What I didn’t know, and what my mother would never tell me, was the abuse she suffered when she didn’t make her quota. Her twenty-five-year-old supervisor berated her by screaming at the top of her lungs that Mom was “a fat pig . . . a shithead . . . a screwup.” She was ordered to do demeaning tasks like scrubbing filthy toilets, cleaning out Dumpsters and cleaning sets of stairs using a rag.
The worst was the night her supervisor announced that she and her team were “going to the bilges.” In the pitch dark, Mom and the others were marched down to Clearwater Bay. As waves crashed up against the seawall, they were ordered to roll up their pants, take off their shoes and jump into the black water.
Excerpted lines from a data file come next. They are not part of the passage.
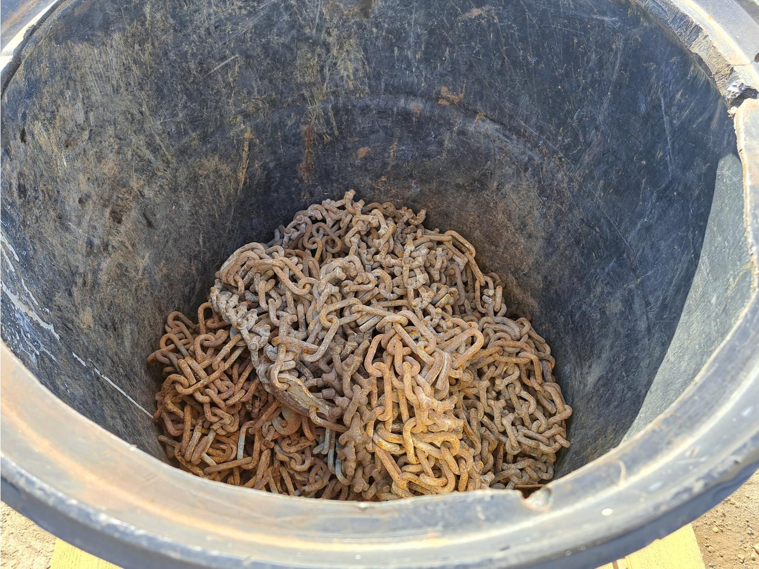 5974 Barrell of Assorted Truck Tire Chains and Chrome Bumper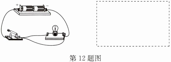 12. 如图所示实物电路中,有一根导线接错而使小灯泡被短路,请把这根导线找出来,在上面打一个“×”,并在虚线框中画出正确的电路图。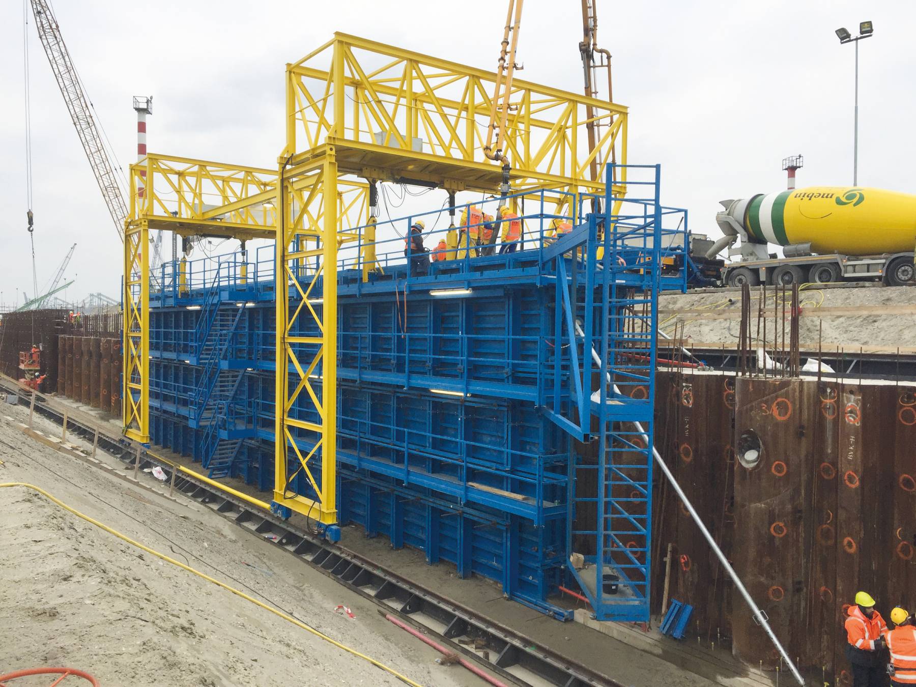 Construx lieferte 3 komplette Sätze von Schalungen, um im Hafen von Rotterdam 2,3 km Kaimauern zu betonieren.

The supervisor tossed scrub brushes into the bay and commanded them to scour the barnacles off the seawall. This was the consequence, they were told, of caring so little about the souls they weren’t saving by not selling enough books.
The humiliation was punishment enough for Mom. But when she grumbled about it, she was reported by a team member and subsequently banished for weeks to “Pigs Berthing,” a filthy, run-down efficiency apartment on church property with no electricity or running water.
It was no wonder she sounded so frightened when faced with losing her best customer.
* *
*
Mom had always gotten on me when I strayed from the church. She was insistent now I come back. The Ethics Department had been urging her to do what she could to convince me to return. They hadn’t mentioned my relationship with Charley. They had said only that they were concerned that I’d been away for too long. They’d asked questions, she said. “What is Michelle doing with her life? Is she working? Does she need assistance? She is such a hard worker and she’s done so much for the church. We want to help her. We need to get her in here to talk to her.” I was pretty sure they were missing my money more than they were missing me.
Mom didn’t know the details about what was going on, just that people in the church were worried about my well-being because I hadn’t been around. She was worried too. I had too many pressures—raising my kids, managing my business, the continuing battle with Sean over alimony and visitation rights, and taking constant calls from Dror about potential movie projects. How could I be expected to cope without the weight of the church behind me? I needed to come back, my mother said, or I would collapse.
“We need you back so you can handle your life,” she said. “The church is the only solution.”
At that point, I couldn’t have been dragged back, not even with a tow truck. I did, though, want to escape the cloud of suspicion enveloping me.
* * *
On December 29, 2010, I wrote my own “Things That Shouldn’t Be” report, hoping to nip whatever investigation there was in the bud. I sent it to the top ethics officer at Flag in Clearwater and Chairman of the Board David Miscavige in Los Angeles.
“It is absolutely NOT okay that any rumor is being forwarded about me. I am not being confronted by my accusers, nor am I being backed up or protected by the Ethics Department.”